I have a large tree that grows as my algorithm progresses. Each node contains set, which I suppose is implemented as balanced binary search tree. Each node's set shall remain fixed after that node's creation, before its use in creating that node's children.

I fear however that copying each set is prohibitively expensive. Instead, I would prefer that each newly created node's set utilize all appropriate portions of the parent node's set. In short, I'm happy copying O(log n) of the set but not O(n).

Are there any variants of the STL's associative data structures that offer such an partial copy optimization? Perhaps in Boost? Such a data structure would be trivial to implement in Haskell or OCaML of course, but it'd require more effort in C++.

Answer 1

I know it's not generally productive to suggest a different language, but Haskell's standard container libraries do exactly this. I remember seeing a video (was it Simon Peyton Jones?) talking about this exact problem, and how a Haskell solution ended up being much faster than a C++ solution for the given programmer effort. Of course, this was for a specific problem that had a lot of sets with a lot of shared elements.

There is a fair amount of research into this subject. If you are looking for keywords, I suggest searching for "functional data structures" instead of "immutable data structures", since most functional paradigms benefit from immutability in general. Structures such as finger tree were developed to solve exactly this problem.

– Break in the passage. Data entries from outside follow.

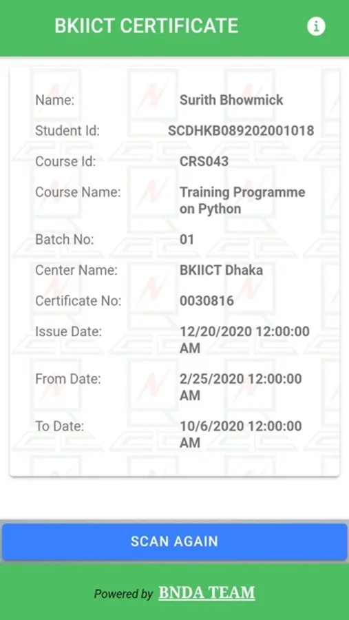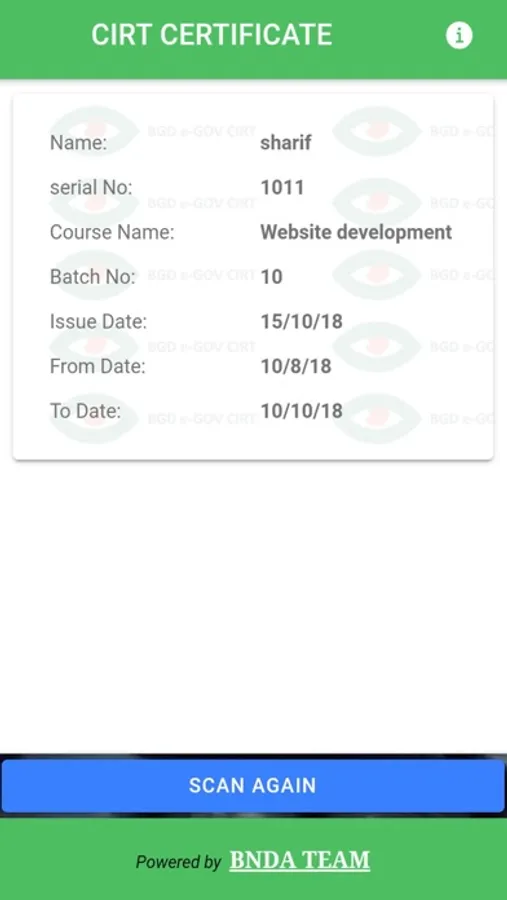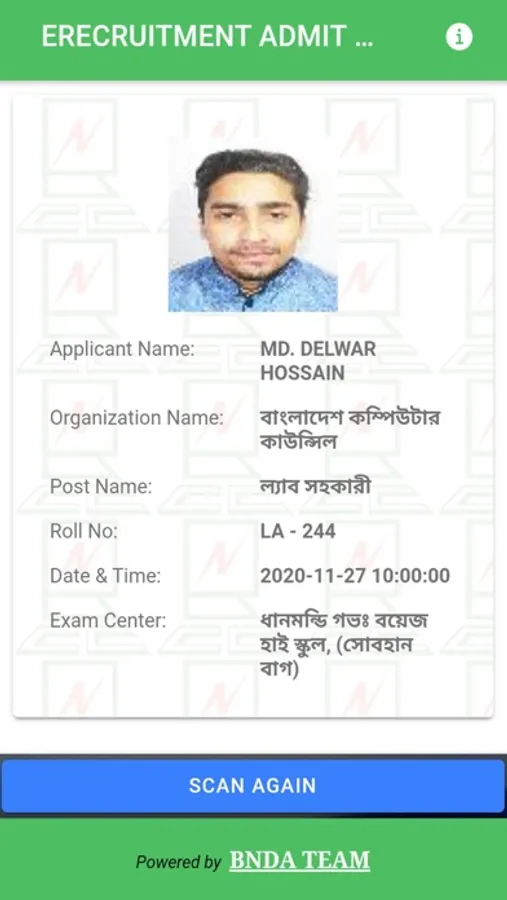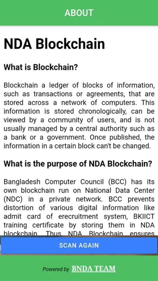 Bangladesh Computer Council (BCC) has its Blockchain Technology running on National Data Center (NDC) in a private network. BCC prevents distortion of various digital information like admit cards of eRecruitment system, BKIICT training certificates by storing those admit cards and certificates in BNDA Blockchain. One can easily verify his admit card issued by eRecruitment system, certificate from BKIICT by scanning the QR code on it.
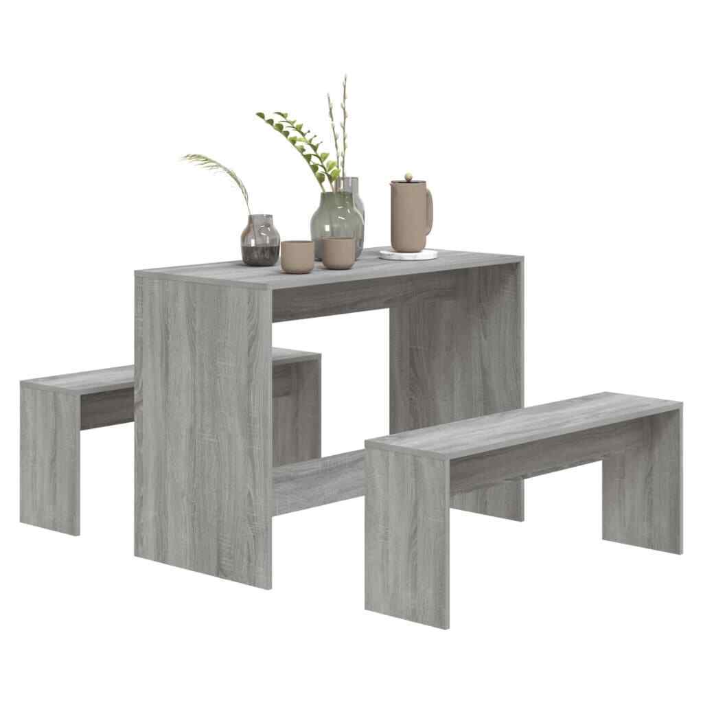 Grey Modern Dining Table 2 Bench Seat Space Saving Kitchen Furniture Set Chairs
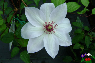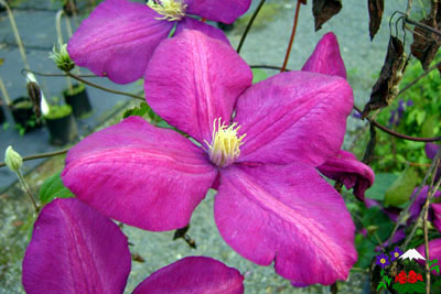 Flowers deep purple with reddish tinge, tepals x5-6. This is one of the best late purple clematis, anthers greenish beige. (xC) Summer and autumn flowering.

I know of no C++ library that implements these data structures. There is nothing stopping you from reading the relevant papers (or the Haskell source code, which is about 1k lines for Data.Set including tests) and implementing it yourself, but I know that is not what you'd want to hear. You'd also need do some kind of reference counting for the shared nodes, which for such deep structures can have a higher overhead than even simple garbage collectors.